§ Dataset extract
[Start of Attachment]

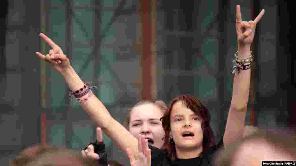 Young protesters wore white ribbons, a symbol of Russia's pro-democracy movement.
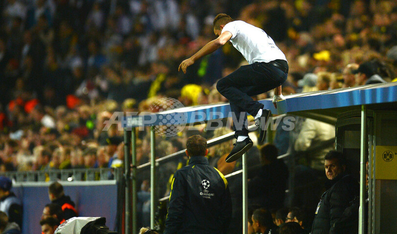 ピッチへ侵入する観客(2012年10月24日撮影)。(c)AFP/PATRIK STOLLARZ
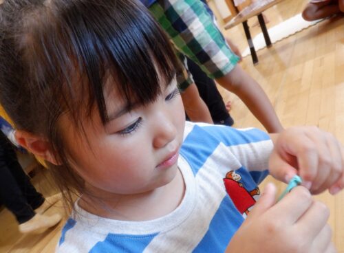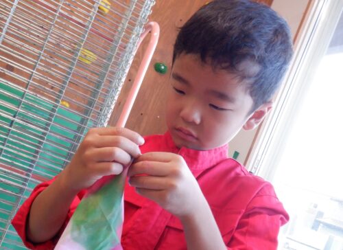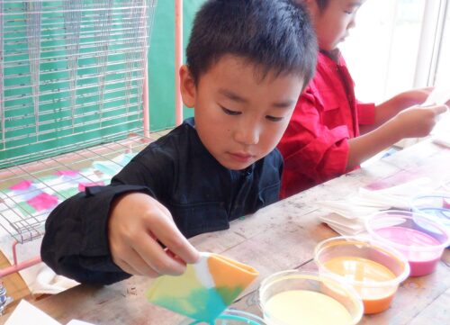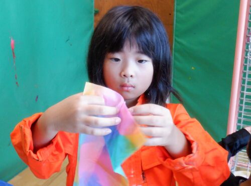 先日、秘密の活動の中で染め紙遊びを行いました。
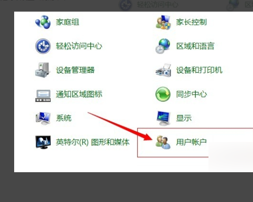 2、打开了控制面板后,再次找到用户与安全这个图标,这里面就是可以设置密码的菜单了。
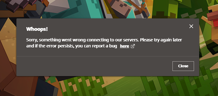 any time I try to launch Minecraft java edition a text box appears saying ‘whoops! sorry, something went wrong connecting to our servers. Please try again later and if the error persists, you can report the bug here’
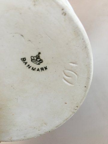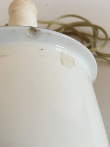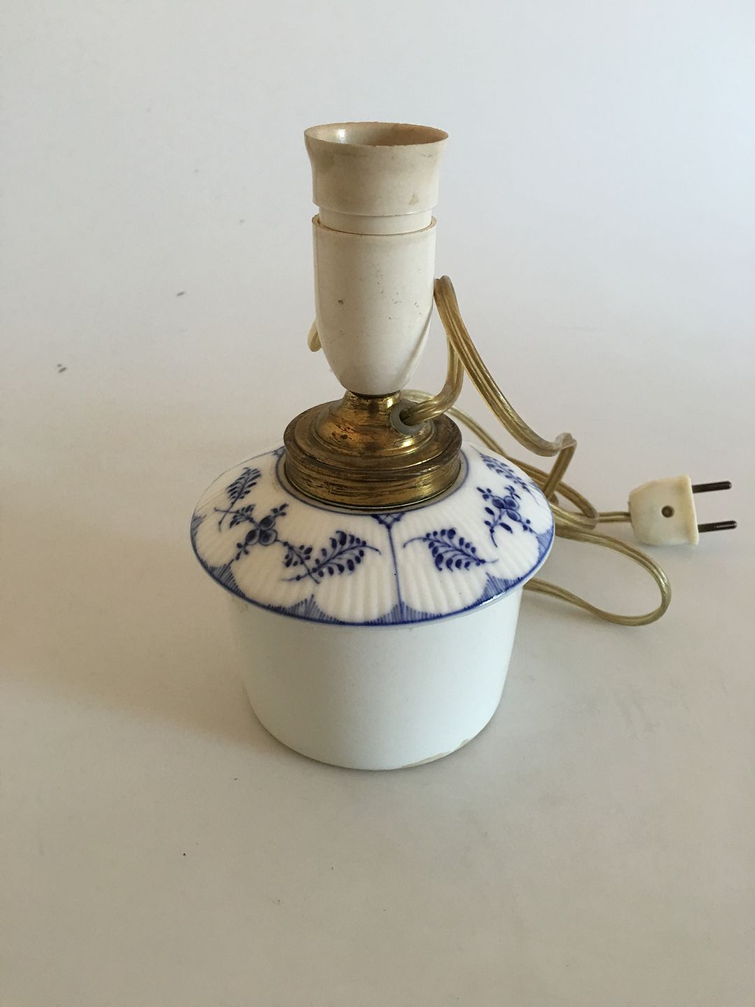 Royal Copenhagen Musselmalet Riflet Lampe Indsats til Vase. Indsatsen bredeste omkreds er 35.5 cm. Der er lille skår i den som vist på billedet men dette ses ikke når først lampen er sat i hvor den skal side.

[End of Attachment]
[Start of Attachment]

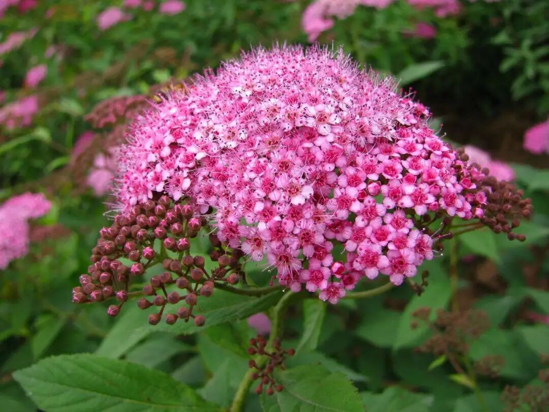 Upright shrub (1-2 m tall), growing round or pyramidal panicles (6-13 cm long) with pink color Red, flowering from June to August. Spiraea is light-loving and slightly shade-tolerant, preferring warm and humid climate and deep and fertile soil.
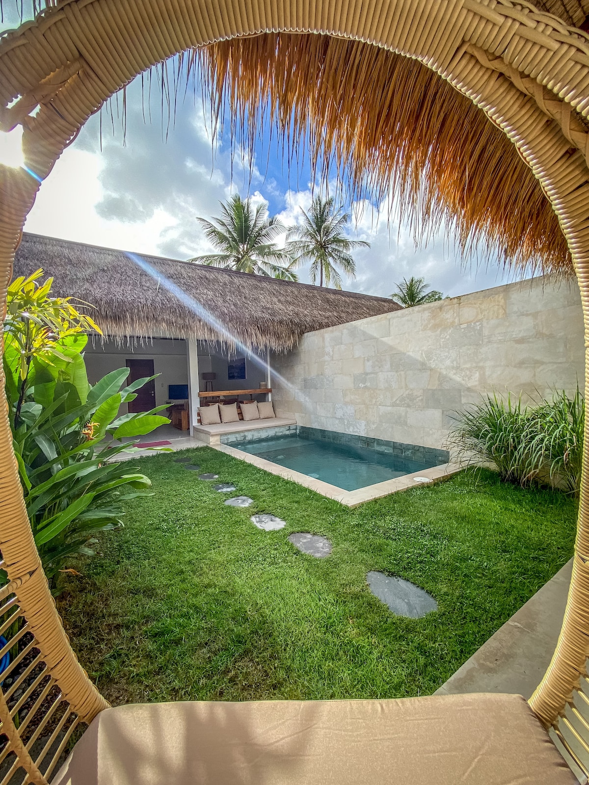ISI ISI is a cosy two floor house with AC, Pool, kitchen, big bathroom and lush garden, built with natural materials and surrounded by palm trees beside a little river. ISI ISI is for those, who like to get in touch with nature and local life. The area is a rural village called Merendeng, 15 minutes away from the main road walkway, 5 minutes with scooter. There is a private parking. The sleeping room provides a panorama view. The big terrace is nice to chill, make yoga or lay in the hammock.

[End of Attachment]

§ Work to complete
From the line with "2、打开了控制面板后,再次找" up to and including the line with "Royal Copenhagen Musselmalet" above, retype every line exactly and nothing more; leave out the pictures.

§ Exercise solution
 2、打开了控制面板后,再次找到用户与安全这个图标,这里面就是可以设置密码的菜单了。
 any time I try to launch Minecraft java edition a text box appears saying ‘whoops! sorry, something went wrong connecting to our servers. Please try again later and if the error persists, you can report the bug here’
 Royal Copenhagen Musselmalet Riflet Lampe Indsats til Vase. Indsatsen bredeste omkreds er 35.5 cm. Der er lille skår i den som vist på billedet men dette ses ikke når først lampen er sat i hvor den skal side.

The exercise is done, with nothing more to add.